Hearts broken and lessons to be learned from sorry saga
SPFL should be braced for fallout from vote
ASHAMEFUL act of self-interest by clubs more concerned with the health of their own bank balance than the greater good of Scottish football?
Or an inevitable if unfortunate consequence of the unprecedented crisis into which the global game has been plunged by the coronavirus pandemic?
Opinion on the unwillingness of 26 of the SPFL’s 42 members to support league reconstruction – a proposed move from a 12-10-10-10 set-up to a 14-10-10-10 structure – yesterday is sharply divided.
Those who have lost out – and Hearts, Partick Thistle and Stranraer will, despite the fact they could all have survived in their respective divisions when football was suspended back in March, be relegated as a result – are disgusted and incensed.
Others are able to view the situation slightly more dispassionately and feel, while having sympathy with the Tynecastle, Firhill and Stair Park outfits, this outcome was unavoidable.
There were impassioned pleas from both the Gorgie and Maryhill boardrooms over the weekend to “right the wrongs” of the contentious vote on the end of the 2019/20 campaign and consider the grave implications of sticking with the status quo.
But it required 11 of the 12 Premiership clubs, 17 of the 20 Premiership and
Championship clubs and
32 of the Premiership, Championship, League One and League Two clubs to back the move for it to succeed.
If just one of those targets wasn’t reached, the plan would founder. It was, then, always likely to fail. The only real surprise is the SPFL endeavoured, after several proposals had been rebuffed previously in recent weeks, to revisit it.
Adding another two teams to the top flight – so allowing Hearts, Partick and Stranraer to stay up and Inverness Caledonian Thistle, Falkirk, Edinburgh City, Brora Rangers and Kelty Hearts to go up – might have seemed fair, logical and simple enough.
In fact, it would have been an almost perfect solution.
But the predicament the sport in this country finds itself in – clubs are having to shell out small fortunes for Covid-19 testing for players just to train and are facing their teams playing games behind closed doors for the foreseeable future – meant there were many directors and owners who were wary of going down that road.
As Dave Cormack, the United States-based software entrepreneur who took over as Aberdeen chairman at the start of the year, previously stated, the worst time to make permanent change is during a crisis. Ross County supremo Roy MacGregor, another canny and respected operator, was certainly wary of making any knee-jerk decision.
Hearts have now vowed to take legal action. The SPFL executive, who have taken expert advice from QCs at every step of the process, will be quietly confident they can win any court case. They will
argue they have followed their guidelines to the letter of the law throughout and the clubs themselves ultimately took the decision.
Yet, Ann Budge, the Hearts chairman, is a successful businesswoman and isn’t taking this course of action lightly. She is convinced the capital club have been wronged and are deserving of millions of pounds in compensation. It promises to be a showdown to rival any Edinburgh derby.
The governing body should also be concerned about the impact the lingering resentment caused by this episode will have on football going forward. They need everyone involved in the senior game to work as one to meet the considerable challenges caused by the Covid-19 outbreak in the 2020/21 campaign and beyond. Schisms will be costly.
Will they be able to repair their damaged relations with some of the country’s most prominent and powerful clubs, not least Hearts and Rangers, and ensure the Premiership and other leagues prosper during an economic downturn? There is much bridge building to be done in the weeks and months ahead. It could prove impossible.
Partick Thistle chairman Jacqui Low gave an indication of the lack of trust some, not all, clubs have in chief executive Neil Doncaster, chairman Murdoch MacLennan, legal adviser Rod McKenzie and secretary Iain Blair as well as the board in her statement yesterday.
“As a member of the
SPFL, we feel badly let down especially by its board and chairman,” she wrote. “In allowing harm to be done to some members, as they have done, can the SPFL really still be regarded as a membership organisation that works in the best interests of all its members, one that genuinely acts on behalf of the membership as a whole?

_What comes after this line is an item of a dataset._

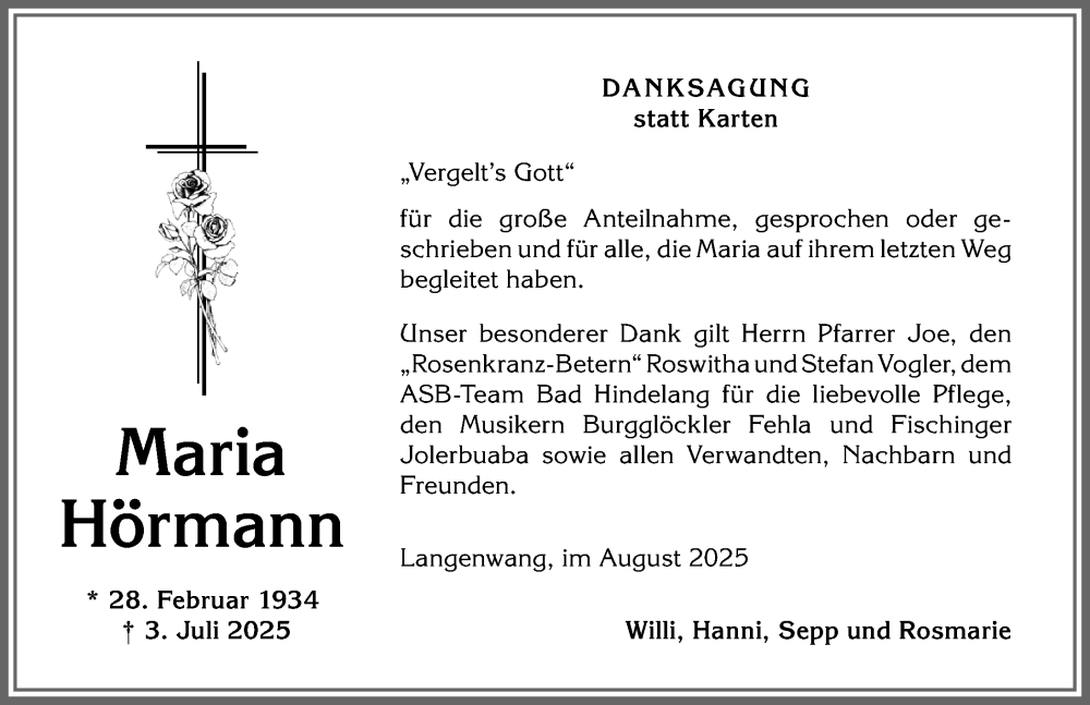 Hier finden Sie alle Traueranzeigen aus der Zeitung, die bisher für Maria Hörmann erschienen sind. Weitere Traueranzeigen, die in der Zeitung erscheinen, werden hier ebenfalls aufgelistet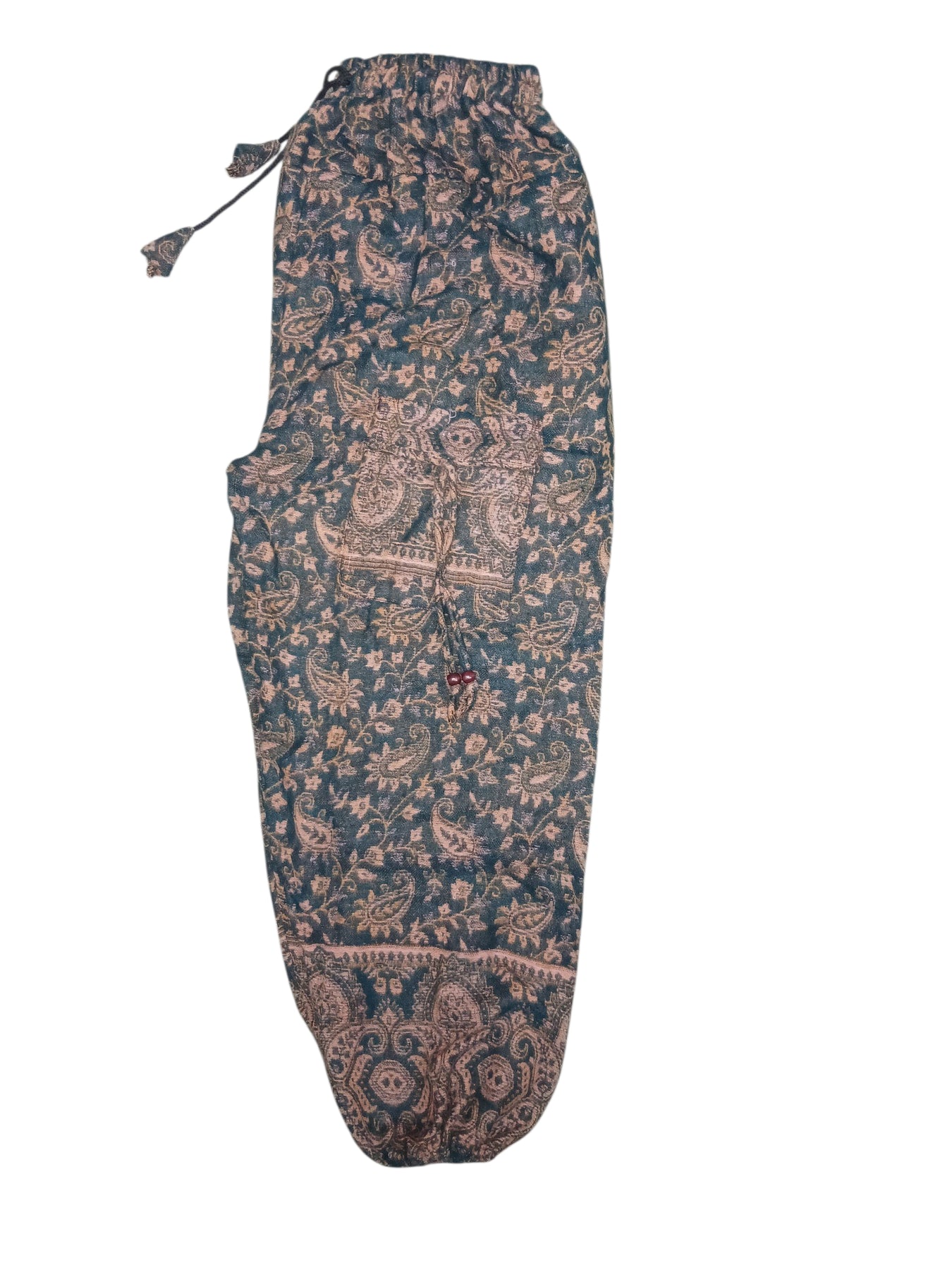 Bohotusk Green Brown Paisley Fleece Harem Pants One Size

“In all of its actions of recent months, the SPFL has shown it is not fit for purpose. That must be addressed, claiming to only do what members tell them is an assertion that has now worn thin.”
Many clubs, in the lower leagues especially, have felt that they have been dictated to, that there has been no discussion over the best course of action, that they have been treated with disdain throughout this whole sorry saga.

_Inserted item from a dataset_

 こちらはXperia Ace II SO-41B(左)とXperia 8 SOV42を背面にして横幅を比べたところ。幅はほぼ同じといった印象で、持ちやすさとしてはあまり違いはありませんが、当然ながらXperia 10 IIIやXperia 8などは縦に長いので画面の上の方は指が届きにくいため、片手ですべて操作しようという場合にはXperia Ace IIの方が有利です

They were given just days to digest the resolution on the end of the season back in April. Any alternative suggestion was given very short shrift. The way in which any dissenters were dismissed was off-hand.
It was, of course, a fraught time. Lockdown was in place, personnel had been furloughed and time was also of the essence. Procrastinating could have delayed the payment of final placing money and caused untold problems for their member clubs.
When the dust has settled and some kind of normality has returned the SPFL must make sure that lessons are learned and they conduct themselves in a less confrontational and more inclusive manner.
But even that may not be enough to heal festering wounds and for peace to break out in Scottish football.